Xue-Rui Ouyang, Yun-Feng Liang, Shi-Long Chen, Rong-Lan Li, Ming-Xuan Lu

IceCube has detected neutrino emission from the Galactic Plane (GP) at a significance of $4.5σ$, though its origin remains uncertain. Utilizing ten years of IceCube muon-track data, we investigate potential correlations between the GP neutrinos and $γ$-ray sources in the first LHAASO catalog (1LHAASO). To avoid issues caused by spectral extrapolation, this analysis focuses on sources detected by the Water Cherenkov Detector Array (WCDA). We employ an unbinned likelihood analysis to search for neutrino emission and constrain the hadronic $γ$-ray component of these sources. Neither single-source searches nor stacking analyses reveal significant neutrino signals.

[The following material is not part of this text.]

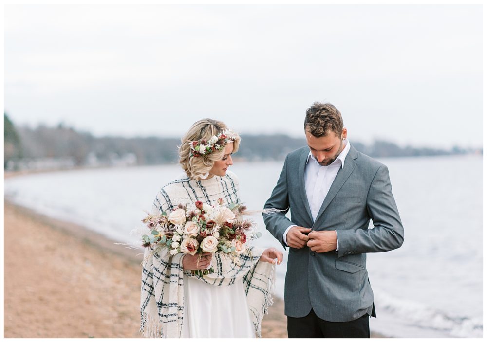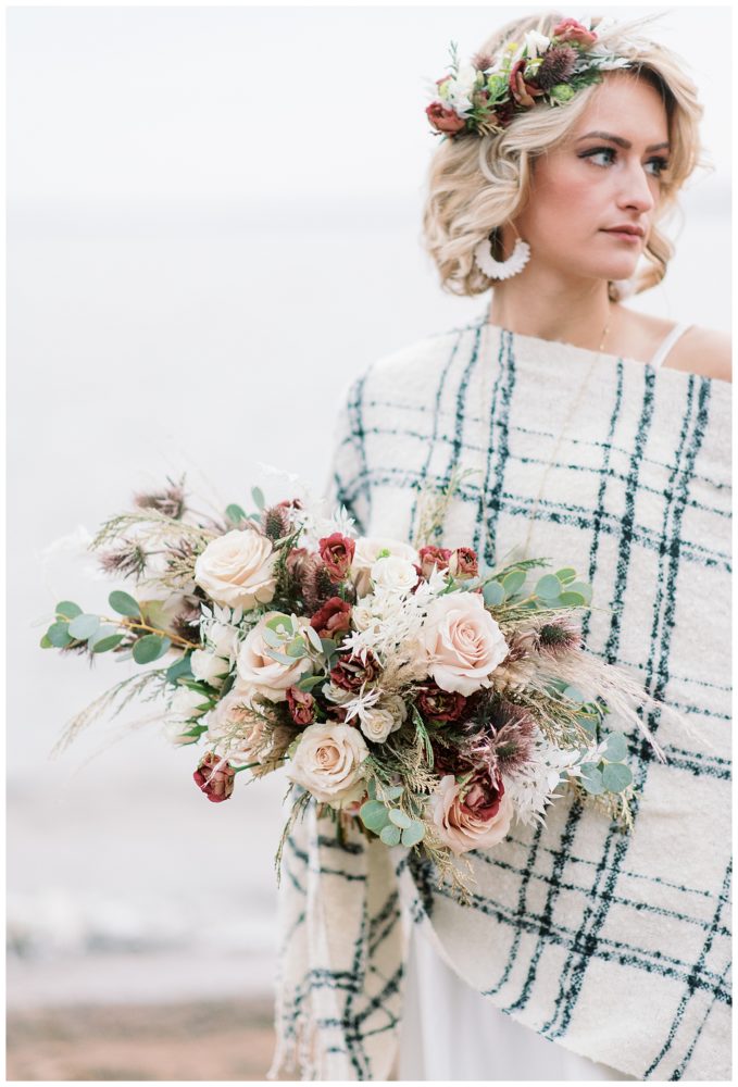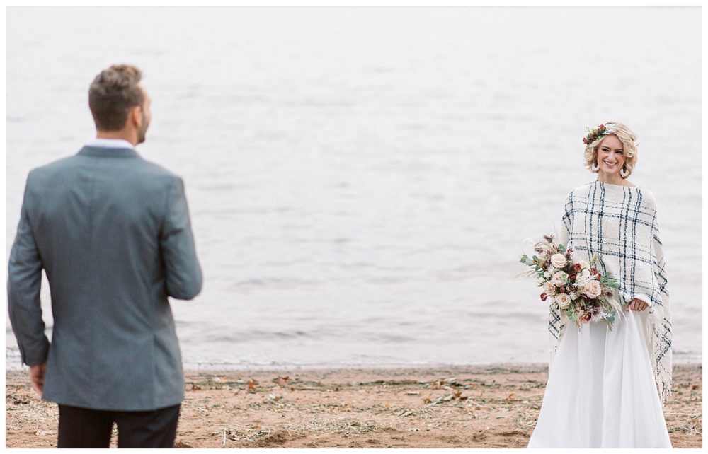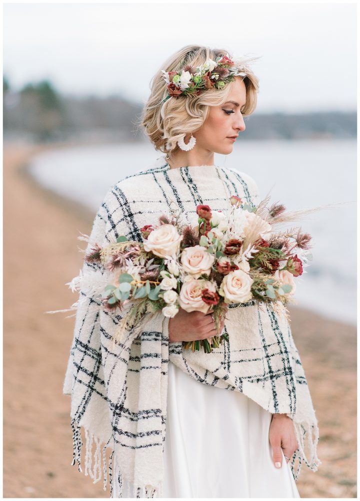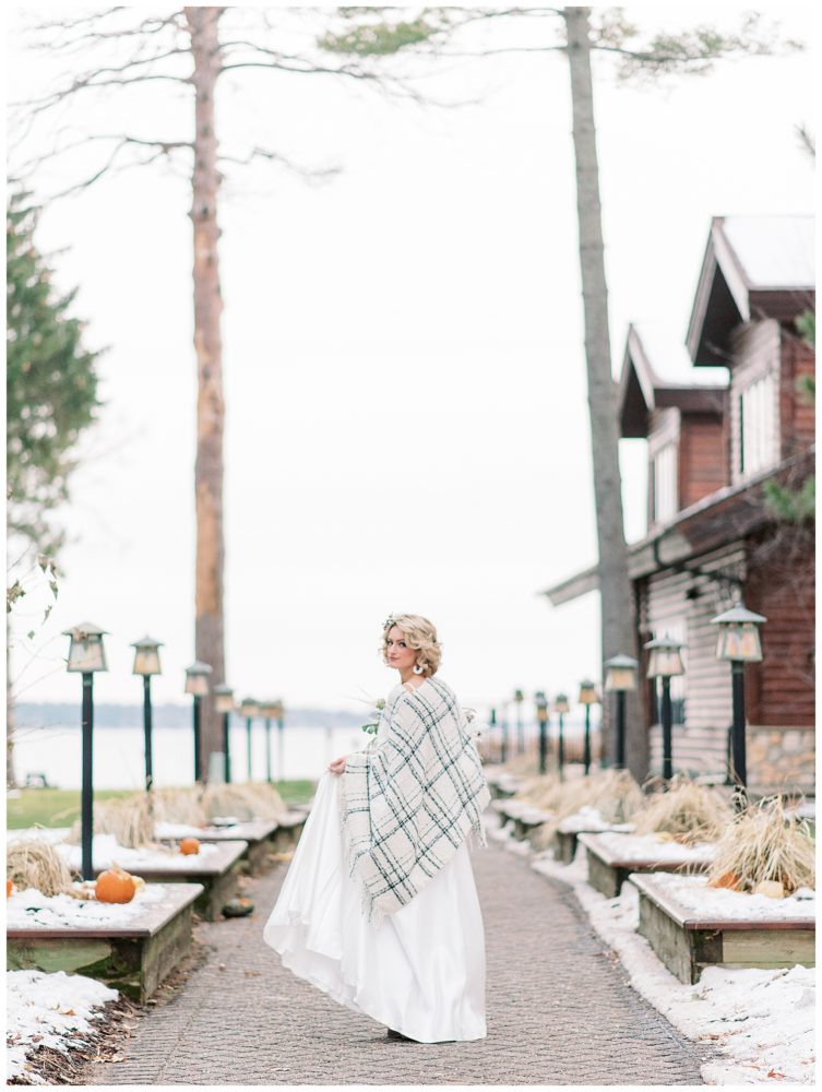 Photography, Planning, Styling and Video: Xsperience Photography | Venue: Grand View Lodge, Nisswa MN | Florist: Petals & Beans, Nisswa MN | Sweater Poncho & Jewelry: Theory Clothing Boutique, St. Cloud MN | Makeup: Sei Bella, by Melaleuca | Models: Courtney Goerger and Derek Paden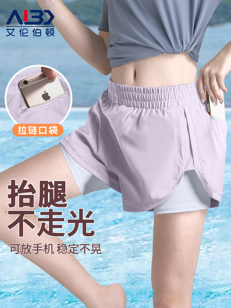Women's Swim Trunks, Anti-Exposure, Two-Piece Style, Boxer Shorts, Large Size, Single Piece, Double Layer, Quick-Drying, Professional Swimwear for Swimming

The stacking analysis indicates that the 1LHAASO WCDA population contributes at most $\sim$20\% to the diffuse GP neutrino flux measured by IceCube. The total hadronic contribution to the cumulative $γ$-ray emission from all WCDA sources is constrained to be at most $\sim$$60\%$, suggesting a predominantly leptonic origin for the $γ$-ray emission from the LHAASO source population. Even accounting for unresolved sources below the detection threshold, we estimate the total neutrino flux from all discrete sources (resolved plus unresolved) reaches at most about 40\% of the observed GP neutrino flux. These results support that the bulk of the GP neutrino emission is mainly from truly diffuse processes, i.e., cosmic-ray interactions with the interstellar medium, rather than from unresolved point sources.